Où le bât blesse-t-il? «L’éducation sexuelle est taboue chez nous, commente Dieynaba Diallo, responsable du comité régional du programme Scolarisation des filles (Scofi). Peu de mères ont la force de caractère d’en parler à leur enfant. Elles n’en parlent que quand il y a des dégâts, quand elles constatent que leur fille est en état de grossesse. Mais pour la prévention, il n’y a rien! [Les parents] ont perdu leurs valeurs, nous sommes en perte de repères. On a abandonné tout ce que la société sénégalaise donnait de bon pour l’éducation des filles.» Sa fine silhouette ébène drapée dans un boubou bleu et marron, l’ancienne directrice d’école fait référence à l’initiation à la sexualité que les adolescentes recevaient à la période de l’excision.

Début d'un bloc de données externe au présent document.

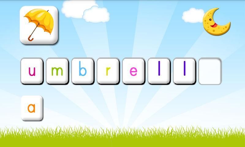 * Quiz - This activity contains draggable letters which needs to be arranged to construct full words. There are images and sounds associated with each word and letter. It improves vocabulary of child. Use nice graphics and sounds for result.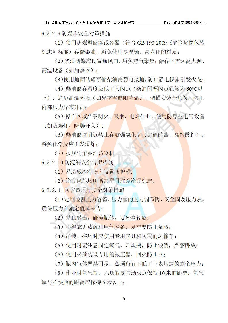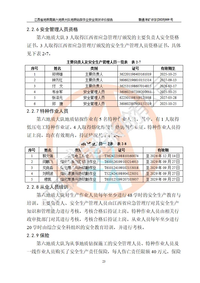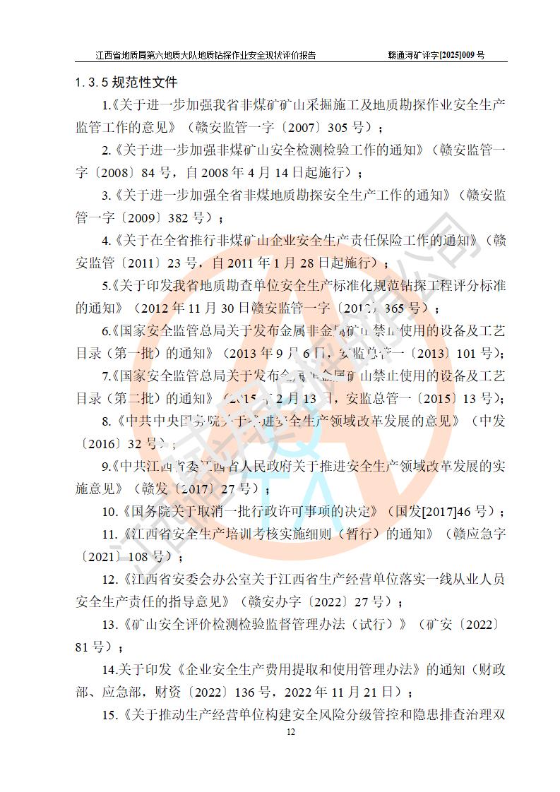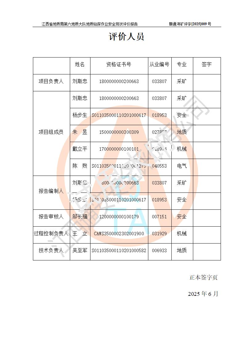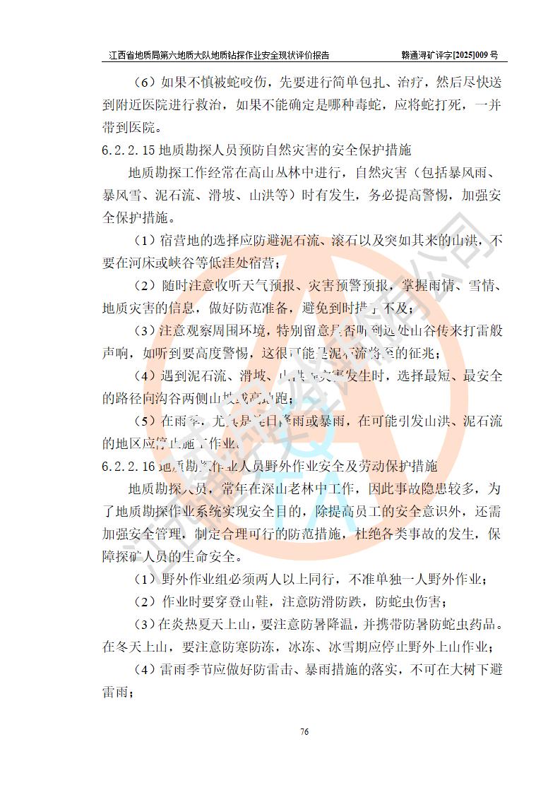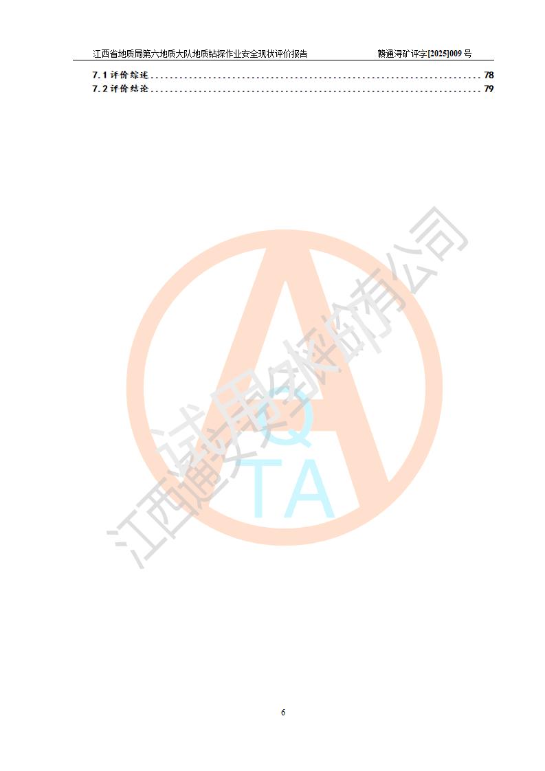 报告名称 | 江西省地质局第六地质大队地质钻探作业安全现状评价报告 | |||||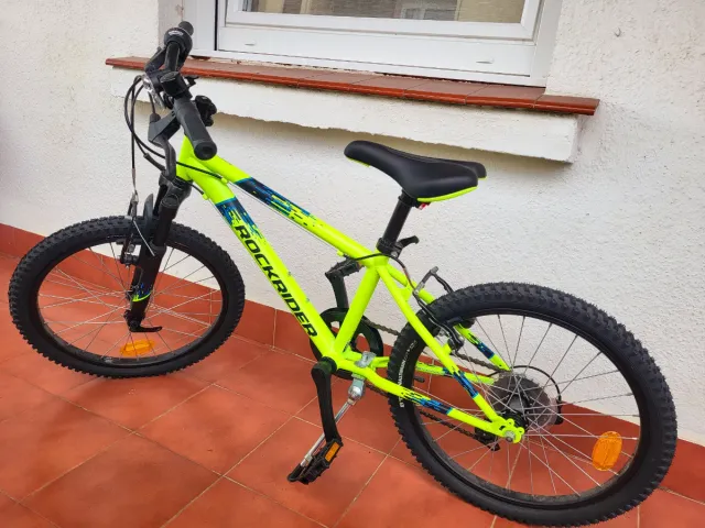 Detalles del productoBicicleta Rockrider de 20 pulgadas en color neón, ideal para jóvenes ciclistas con cambios en el manillar.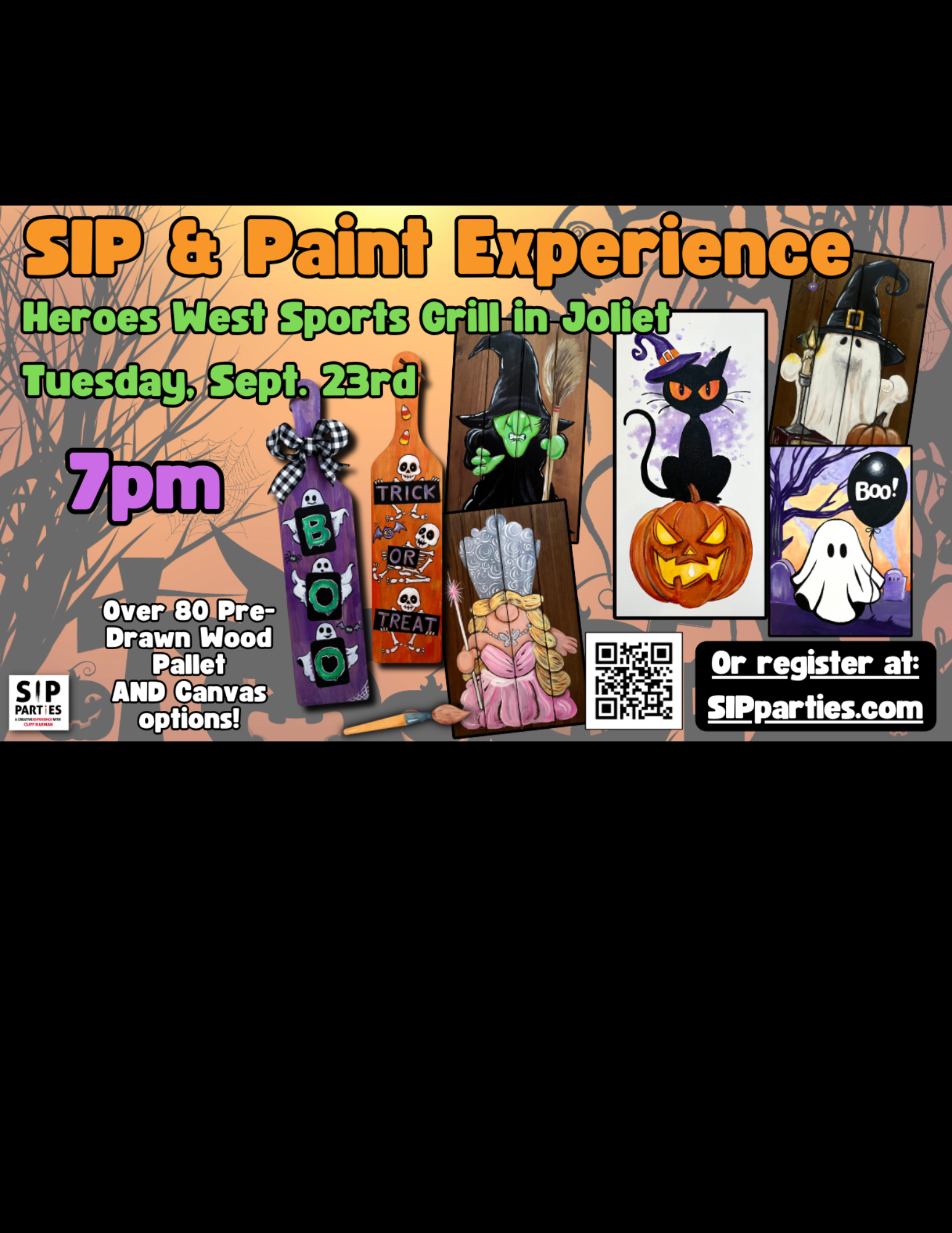 Join Chicagoland’s #1 rated creative experience on Tuesday, September 23rd at Heroes West Sports Grill in Joliet! SIP Parties is a unique twist on your typical SIP & Paint party experience! Enjoy a lively performance that brings humor and audience interaction to detailed art instruction with artist Cliff Harman.  Whether you’re looking to do a girl’s night out or enjoy a date night with the hubby, we are the perfect local activity. Find us at a bar or restaurant in your neighborhood!

Les filles «étaient mises à la disposition des vieilles personnes et de tantes chargées de leur prodiguer des conseils contre les grossesses précoces puisque, pour nous, c’était être la risée de la population», explique Dieynaba Diallo, en condamnant fermement les mutilations génitales féminines (MGF).

«Quand on parle de l’excision, il y a un côté négatif: l’ablation du clitoris, renchérit avec fougue Taïbou Baldé, point focal du Fawe et chargée des grossesses précoces à l’inspection académique de Kolda. Mais l’initiation était très importante parce que c’est dans la case que l’on disait à la fille: « Dès 11 ou 12 ans, il y aura un âge où tu auras tes menstrues, et il faudra éviter ceci ou cela ».»

Reconvertir les exciseuses

Dans la cour du collège de Saré Coly Sallé, assise sur un banc à l’ombre, Maeram Sabaly ne cache pas sa nostalgie. Avec l’interdiction en 1999 des MGF, toujours pratiquées illégalement, «ce cadre n’existe plus», se plaint la présidente de l’Association des mères d’élèves. «J’ai un grand regret car je constate que les filles sont laissées à elles-mêmes et que, même quand tu veux prendre des initiatives dans leur éducation, elles se révoltent et parfois se suicident pour un rien.» Une analyse qui rejoint un peu celle de Dieynaba Diallo.

«Aujourd’hui, ma fille, c’est ma fille à moi. Elle n’est plus la fille de la concession ou du village. Avant, chacun pouvait donner des conseils, chacun pouvait battre, chacun pouvait interdire… Mais aujourd’hui, personne ne touche ou ne dit mot à l’enfant d’autrui. Sous peine qu’en cas de problème, il soit traduit devant la justice.»

Cette militante mène donc des séances de sensibilisation où elle suggère de revenir aux stratégies d’antan. Sont-elles vraiment efficaces? «Avant, quand il y avait des grossesses précoces, c’était une fois tous les vingt ans», plaide-t-elle. «Il faut valoriser ces formes de sensibilisation locales, ajoute Oumar Niang, chef du Projet d’amélioration de l’environnement scolaire de l’ONG Aide et Action. Surtout que l’accès aux NTIC [nouvelles technologies de l’information et de la communication, ndlr] a une incidence sur les mœurs: les jeunes banalisent l’acte sexuel, puisqu’ils en voient tous les jours à la télévision ou sur Internet. Ils ne remettent pas les choses dans leur contexte.»

Taïbou Baldé est également convaincue qu’il faut «valoriser» l’héritage des vieilles. «Voilà pourquoi je dis et redis qu’un projet de « marrainage » ou un autre projet similaire devrait permettre à nos exciseuses de se reconvertir pour offrir une éducation sexuelle à nos filles.» En attendant, si les parents peinent à prendre le relais, les enseignants ne sont pas toujours plus à l’aise. Alors parler pilule ou préservatif…

«Apprendre aux filles certaines méthodes de contraception, c’est les exposer à entrer dans la débauche», tranche Maeram Sabaly. Avant de conclure: «La seule arme de sensibilisation que nous avons, c’est notre parole.»